Таковы члены нашего отряда каждый в отдельности. В чём-то разные, но имеющие все одну общую черту - общительность, мы довольно быстро нашли друг с другом взаимопонимание, и на протяжении того месяца, что были вместе, разногласий между нами практически не возникало. И уж тем более не было ссор. Первокурсники поначалу возмущались чрезмерными - как им, т. е. нам, казалось - требованиями, предъявляемыми Мариной Леонидовной к работе. Старшие же воспринимали их нормально. Позже привыкли и мы. Иван был постоянным объектом шуток (добрых, естественно). От Стаса все время ждали какой-нибудь выходки, которая, как правило, заставляла всех смеяться. И когда экспедиция подходила к концу, не хотелось уезжать не потому, что мы полюбили этнографию, а потому, что жаль, было расставаться с такими людьми.

НАША РАБОТА

Цель экспедиции, поставленная Алексеем, была для меня не совсем понятна. Вроде бы собирать экспонаты для Ханты-Мансийского музея и какую-то информацию у местных жителей, для того, чтобы, как сказал сам Алексей, просто было ("шоб було"). Цель же нашей практики была более понятной и отчётливо обозначенной: мы должны освоить методы сбора и обработки информации. Иными словами мы должны были ходить по информаторам и расспрашивать у них о местном быте, поверьях, обычаях и обрядах, и о том, как всё это выглядело раньше. Главное - разговорить человека, а дальше - надо уметь слушать и успевать записывать или запоминать. А уж разговаривают старики, по большей части, охотно.

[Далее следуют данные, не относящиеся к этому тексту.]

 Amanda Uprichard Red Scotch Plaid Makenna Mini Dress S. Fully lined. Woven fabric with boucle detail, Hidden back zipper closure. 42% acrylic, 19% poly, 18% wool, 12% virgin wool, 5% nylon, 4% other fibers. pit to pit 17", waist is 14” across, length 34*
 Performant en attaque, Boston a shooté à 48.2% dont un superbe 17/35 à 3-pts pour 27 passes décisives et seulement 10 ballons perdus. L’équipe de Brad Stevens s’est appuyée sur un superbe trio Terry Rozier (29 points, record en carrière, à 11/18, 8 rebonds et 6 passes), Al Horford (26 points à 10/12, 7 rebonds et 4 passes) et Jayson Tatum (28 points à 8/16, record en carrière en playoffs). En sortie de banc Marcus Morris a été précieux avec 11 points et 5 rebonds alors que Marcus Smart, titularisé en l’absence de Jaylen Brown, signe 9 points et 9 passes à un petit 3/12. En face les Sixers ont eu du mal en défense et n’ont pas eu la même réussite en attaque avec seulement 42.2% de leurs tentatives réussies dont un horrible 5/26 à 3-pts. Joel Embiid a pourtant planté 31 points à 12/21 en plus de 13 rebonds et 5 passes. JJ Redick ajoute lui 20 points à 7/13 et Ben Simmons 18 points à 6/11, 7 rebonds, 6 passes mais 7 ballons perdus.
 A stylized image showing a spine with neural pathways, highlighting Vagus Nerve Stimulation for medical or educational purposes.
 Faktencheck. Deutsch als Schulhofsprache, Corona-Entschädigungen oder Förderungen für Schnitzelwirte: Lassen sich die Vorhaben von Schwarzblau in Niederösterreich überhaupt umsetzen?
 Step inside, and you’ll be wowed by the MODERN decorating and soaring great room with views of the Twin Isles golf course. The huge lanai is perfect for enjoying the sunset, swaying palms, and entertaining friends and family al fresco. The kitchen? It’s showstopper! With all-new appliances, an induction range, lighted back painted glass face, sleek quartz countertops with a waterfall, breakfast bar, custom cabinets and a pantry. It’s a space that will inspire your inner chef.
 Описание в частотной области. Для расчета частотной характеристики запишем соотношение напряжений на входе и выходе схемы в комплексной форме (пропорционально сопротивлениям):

После того как информация была собрана, её нужно было должным образом оформить: занести содержание разговора в специальную карточку, сохраняя при этом все особенности речи говорящего. Подобная работа вызывала самое неприязненное отношение с нашей стороны. Поговорить с человеком несложно, а порой интересно, но как нудно потом переписывать содержание разговора, пытаясь вспомнить каждое слово. И каждый раз одни и те же замечания: слишком много своих слов, ближе к тексту, пиши то, что тебе говорили. Но ближе к середине экспедиции мы все же поняли, чего от нас хотят, и даже втянулись в работу. Нам стало интересно…

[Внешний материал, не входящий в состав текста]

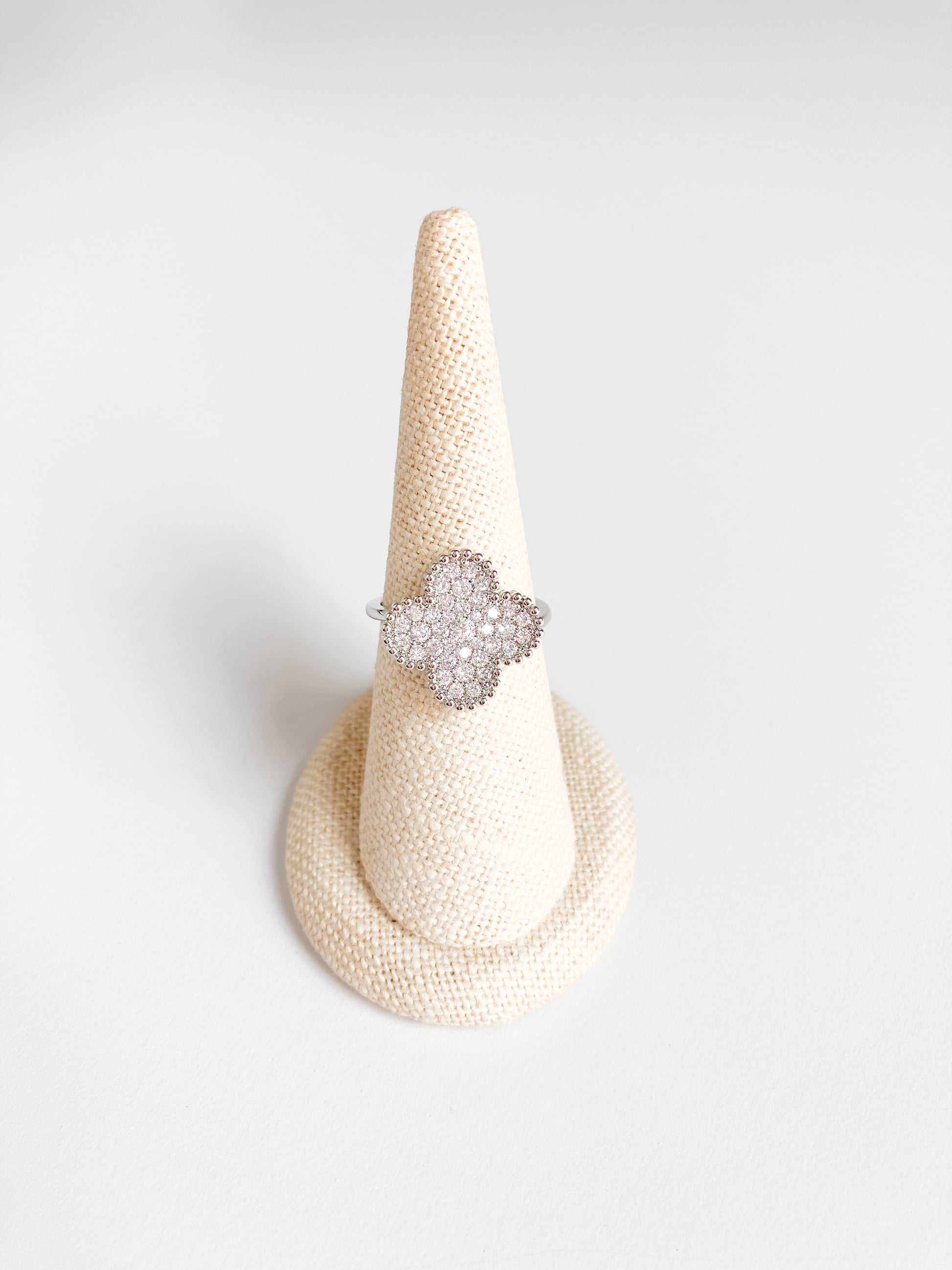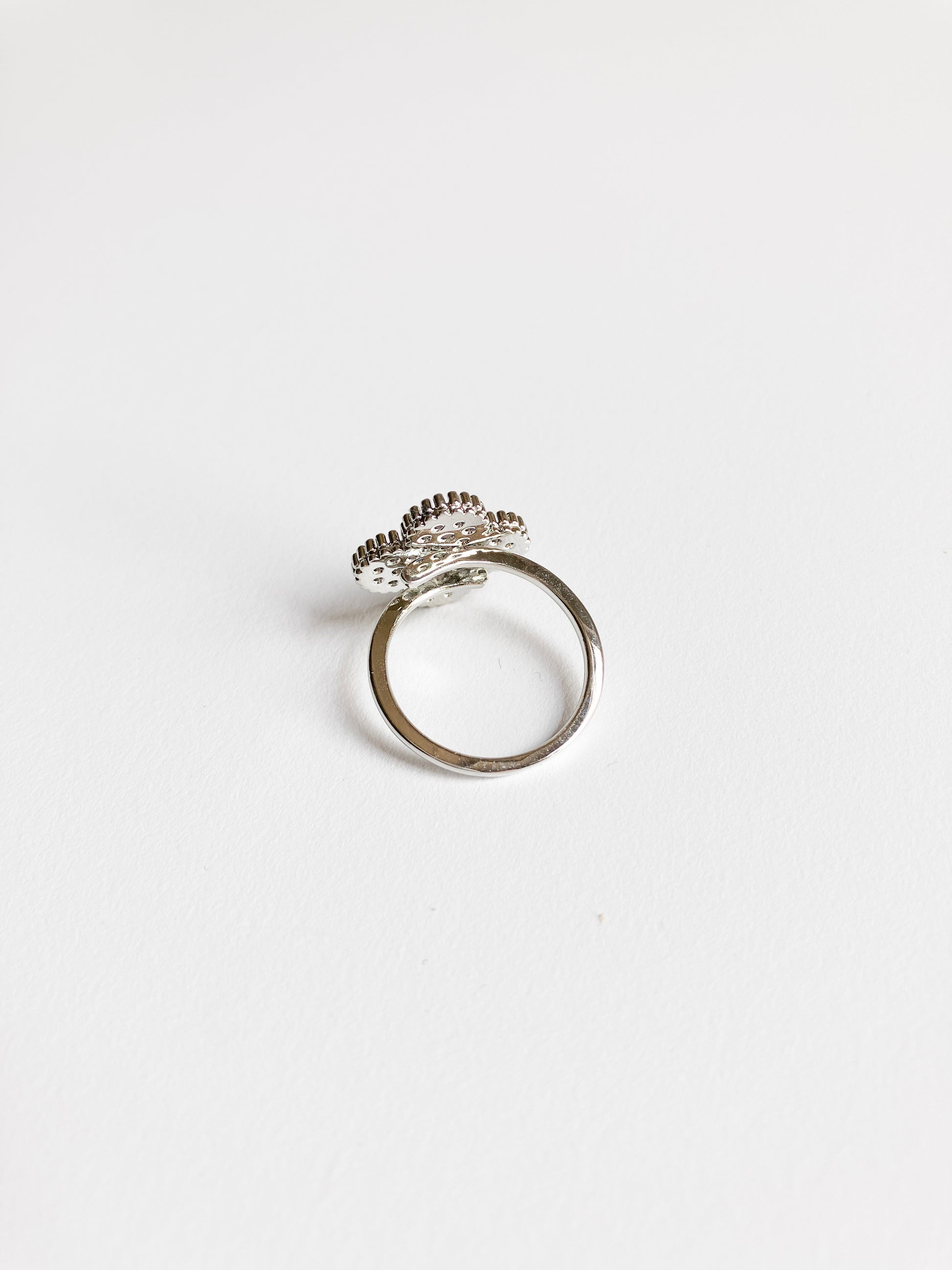 Cubic Zirconia Demi Quatrefoil Motif Ring in Silver
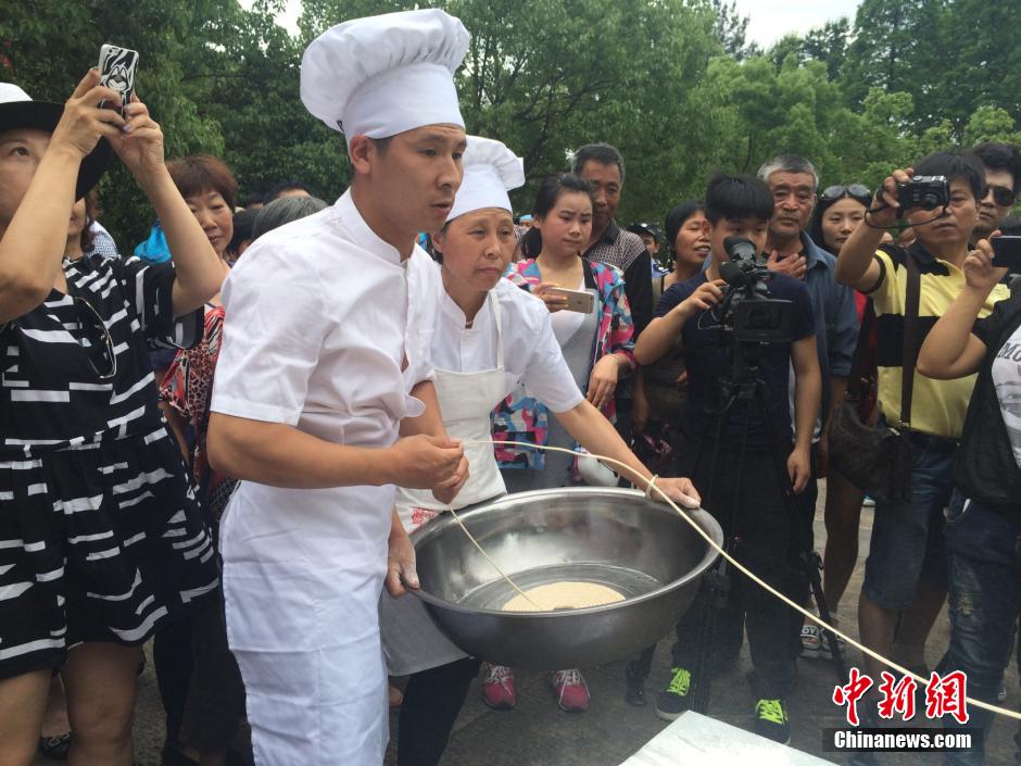 450 tourists, side by side, hold a 300-meter-long noodle in Pujiang county, east China’s Zhejiang province on June 2, 2015. Also called “longevity noodle”, the long noodle is a local specialty. (Chinanews/Xi Jinyan)

Кроме того, одной из наших задач был сбор у местного населения старых вещей предметов домашней утвари, икон, старых документов, с/х орудий и т. д. Всё это впоследствии планировалось превратить в музейные экспонаты. Как говорится, курочка по зернышку клюет… Так и мы, в процессе работы нашли 2 плуга начала XX в., кованый сундучок, ткацкий стан, который, как ни странно, был в рабочем состоянии и употреблялся изредка одной из бабулек для изготовления домотканых половичков, часы, разную посуду, деревянные вилы, про которые все почему-то спрашивали: "а это что, на медведя ходить?" и много других интересных и полезных вещей, которые, надеемся, можно будет увидеть на экспозиции Музея Природы и Человека в г. Ханты-Мансийске. Но это в будущем, а сейчас мы совместно с нашими коллегами набрали столько всяких экспонатов, что пришлось отправлять их в Ханты-Мансийск еще до завершения экспедиции на барже. Особенно же в сборе с нашей стороны отличился Иван, а из музейных сотрудников - Вика и Ира. Как им это удавалось - я не знаю, но они постоянно что-нибудь приносили.

Другим видом работы было написание генеалогий - сведений обо всех родственниках человека, которых он только мог вспомнить. Основная трудность для нас в первое время состояла в том, что как мы ни старались, но о ком-нибудь из родственников забывали спросить, или, записав что-то второпях, затем ломали голову над тем, кто кем кому является по степени родства - внучатой племянницей или просто внучкой. Иногда, заметив при более внимательном изучении тот факт, что дети у человека появлялись раньше (порой намного), чем он вступал в брак, приходилось констатировать или добрачные связи, или непорочное зачатие. К  одному старику ходили трижды, расспрашивая его о предках и потомках. А потом Стас несколько дней писал его генеалогию, навлекая на себя с каждым днём всё больший гнев Марины Леонидовны.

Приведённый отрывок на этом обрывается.